EX-5.1 2 d825189dex51.htm EX-5.1 EX-5.1

Exhibit 5.1

 

LOGO  

 

  

Seaport West

155 Seaport Boulevard

Boston, MA 02210-2600

 

617 832 1000 main

617 832 7000 fax

May 8, 2024

Enanta Pharmaceuticals, Inc.

500 Arsenal Street

Watertown, MA 02472

Re: Registration Statement on Form S-8

Ladies and Gentlemen:

We are familiar with the Registration Statement on Form S-8 (the “Registration Statement”) being filed by Enanta Pharmaceuticals, Inc., a Delaware corporation (the “Company”), with the Securities and Exchange Commission (the “Commission”) under the Securities Act of 1933, as amended (the “Securities Act”), on the date hereof. The Registration Statement relates to the offer and sale by the Company of up to 1,475,000 shares (the “Shares”) of its common stock, par value $0.01 per share (“Common Stock”), consisting of:

(a) 975,000 shares of Common Stock (the “2019 Plan Shares”) issuable under the Company’s 2019 Equity Incentive Plan (as amended through March 6, 2024, the “2019 Plan”);

(b) 341,064 shares of Common Stock (the “2024 Plan Shares”) issuable under the Company’s 2024 Inducement Stock Incentive Plan (the “2024 Plan”); and

(c) 158,936 shares of Common Stock issuable pursuant to equity awards granted pursuant to the 2024 Plan and award agreements dated April 29, 2024 (collectively, the “Award Agreements”), as an inducement to an employee’s acceptance of employment with the Company, consisting of: (a) a non-qualified stock option to purchase 150,000 shares of Common Stock; (b) performance share units for 4,468 shares of Common Stock; and (c) relative total stockholder return units for 4,468 shares of Common Stock (collectively, the “Inducement Awards” and, together with the 2019 Plan Shares and the 2024 Plan Shares, the “Shares”).

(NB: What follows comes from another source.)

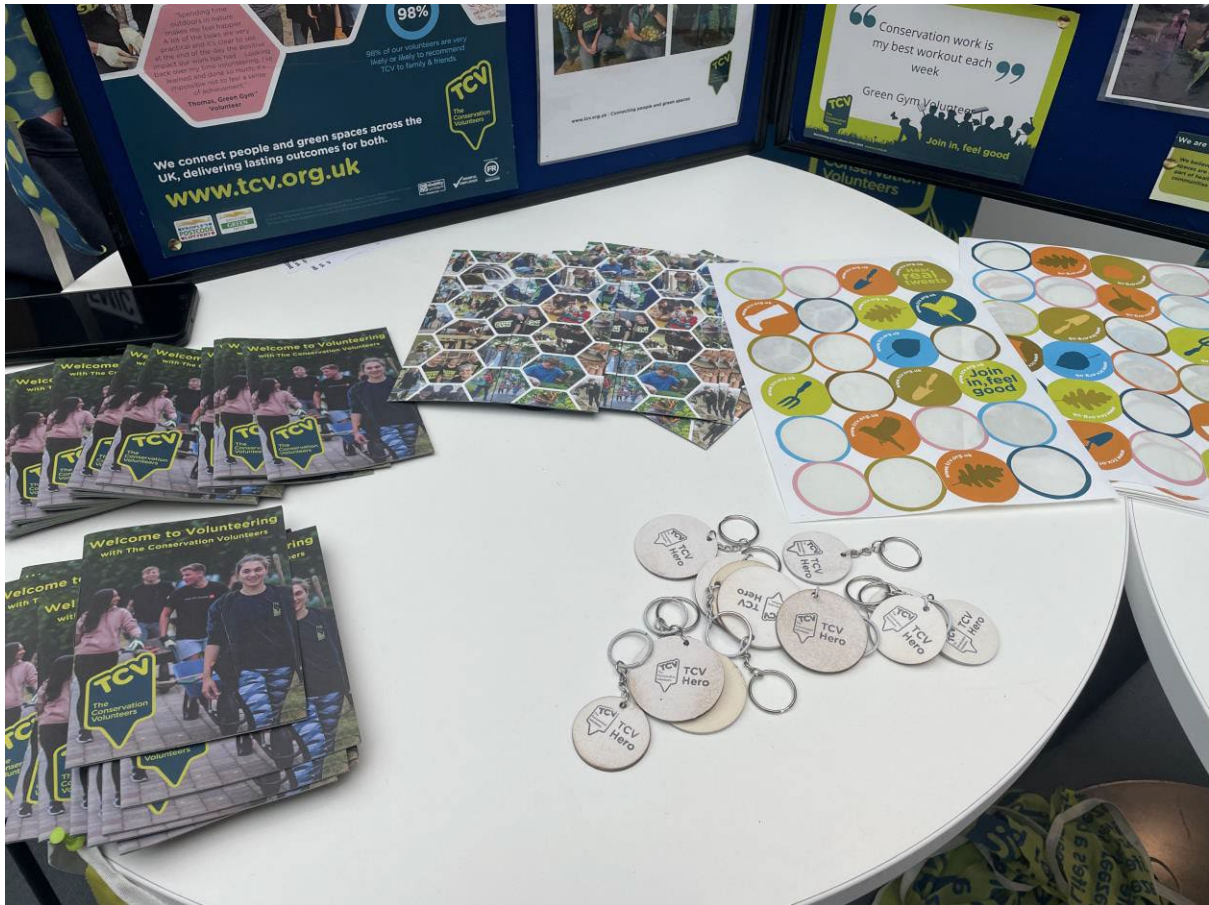
13 - Paper stickers

In arriving at the opinions expressed below, we have examined the Certificate of Incorporation and Bylaws of the Company, each as amended to date, the records of meetings and consents of the Company’s Board of Directors, or committees thereof, records of the proceedings of its stockholders deemed to be relevant to this opinion letter, the 2019 Plan, the 2024 Plan and the Award Agreements, each as provided to us by the Company, and the Registration Statement.

In addition, we have relied upon certificates and other assurances of officers of the Company and others as to factual matters without having independently verified such factual matters. In our examination, we have assumed the genuineness of all signatures, the authenticity of all documents submitted to us as originals, the conformity to authentic original documents of all documents submitted to us as copies and the due authorization, execution and delivery of all documents by all persons other than the Company, where authorization, execution and delivery are prerequisites to the effectiveness of such documents. We have also made such investigations of law as we have deemed appropriate as a basis for the opinions expressed below.


Enanta Pharmaceuticals, Inc.

May 8, 2024

Page 2

 

We have assumed that the purchase price or other consideration to be received by the Company for the Shares other than the Inducement Awards will be valid consideration equal to or in excess of the par value thereof.

In rendering the opinion expressed below, we express no opinion other than as to the Delaware General Corporation Law.

On the basis of the foregoing, it is our opinion that (i) the 2019 Plan Shares, when issued and delivered in accordance with the terms of the 2019 Plan and the awards thereunder, (ii) the 2024 Plan Shares, when issued and delivered in accordance with the terms of the 2024 Plan and the awards thereunder and (iii) each of the Inducement Awards, when issued and delivered in accordance with the terms of the 2024 Plan and the applicable Award Agreement, in each case against the Company’s receipt of the purchase price or other consideration therefor, will be validly issued, fully paid and non-assessable.

This opinion is to be used only in connection with the offer and sale of the Shares while the Registration Statement is in effect.

This opinion is being delivered solely for the benefit of the Company and such other persons as are entitled to rely upon it pursuant to the applicable provisions of the Securities Act. This opinion may not be used, quoted, relied upon or referred to for any other purpose, nor may it be used, quoted, relied upon or referred to by any other person, for any purpose, without our prior written consent.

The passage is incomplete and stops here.